Device Roles (overview)
- CLIENT — Standard user node for sending/receiving messages.
- CLIENT_MUTE — Client with reduced chat/rebroadcast behavior to conserve airtime.
- CLIENT_HIDDEN — Client that participates without appearing prominently in lists/UIs.
- TRACKER — Focused on position reporting (GPS), minimal chat.
- LOST_AND_FOUND — Special mode for recovery/identification scenarios.
- SENSOR — Publishes sensor/system data as telemetry.
- TAK — Integrates with Team Awareness Kit features.
- TAK_TRACKER — TAK‑focused tracking (position reporting).
- REPEATER — Extends coverage; not shown in standard node lists.
- ROUTER — Extends coverage; shown in node lists.

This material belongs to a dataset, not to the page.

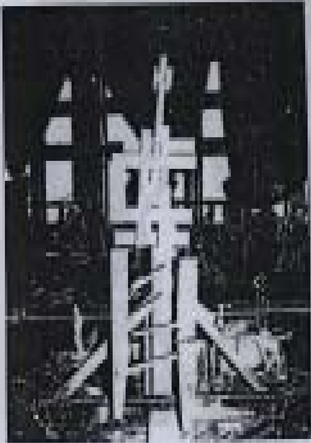
Figure 1: A traditional Burmese wooden structure, possibly a stupa or a decorative post, with intricate carvings and a tiered top.

- ROUTER_LATE — Router variant tuned for later/delayed relays.
- Router — Coverage‑extending node visible in node lists.
- ROUTER_LATE — Role variant tuned for delayed/late relaying. See Role.
- rp2040 — Raspberry Pi microcontroller used in some boards.
- RSSI (Received Signal Strength Indicator) — Measure of received signal power.
S
- RX (Receive) — Receiving data on the radio.
- Sensor — A node role or device function publishing environmental/system data.
- Serial — USB/UART link used by CLI and for flashing firmware.
- SNR (Signal‑to‑Noise Ratio) — Measure of signal clarity vs. noise.
- Spread(ing) Factor (SF) — LoRa parameter controlling chirp length; higher SF increases range and airtime, reduces data rate.
- SWR (Standing Wave Ratio) — RF measure of antenna/feedline match quality.
T
- TAK / TAK Tracker — Roles supporting Team Awareness Kit integrations, typically focused on position reporting and limited chat.
- Telemetry — Periodic transmission of sensor, GPS, and/or system metrics from a node.
- TX (Transmit) — Sending data on the radio.
U
- UART — Hardware serial interface used for logging, CLI, and debugging.
- Uplink / Downlink — Directional terms sometimes used around gateways/bridges: uplink (mesh → server), downlink (server → mesh), especially with MQTT.
V
- VERY_LONG_SLOW — See Modem Preset.
- Voltage (Battery Voltage) — Telemetry metric many nodes advertise to indicate power status.
W
- Web UI — Some devices/platforms expose a local web-based configuration/status page (varies by hardware/firmware build).
- Wi‑Fi — On supported ESP32 devices, can be used for features like MQTT bridging or a web UI.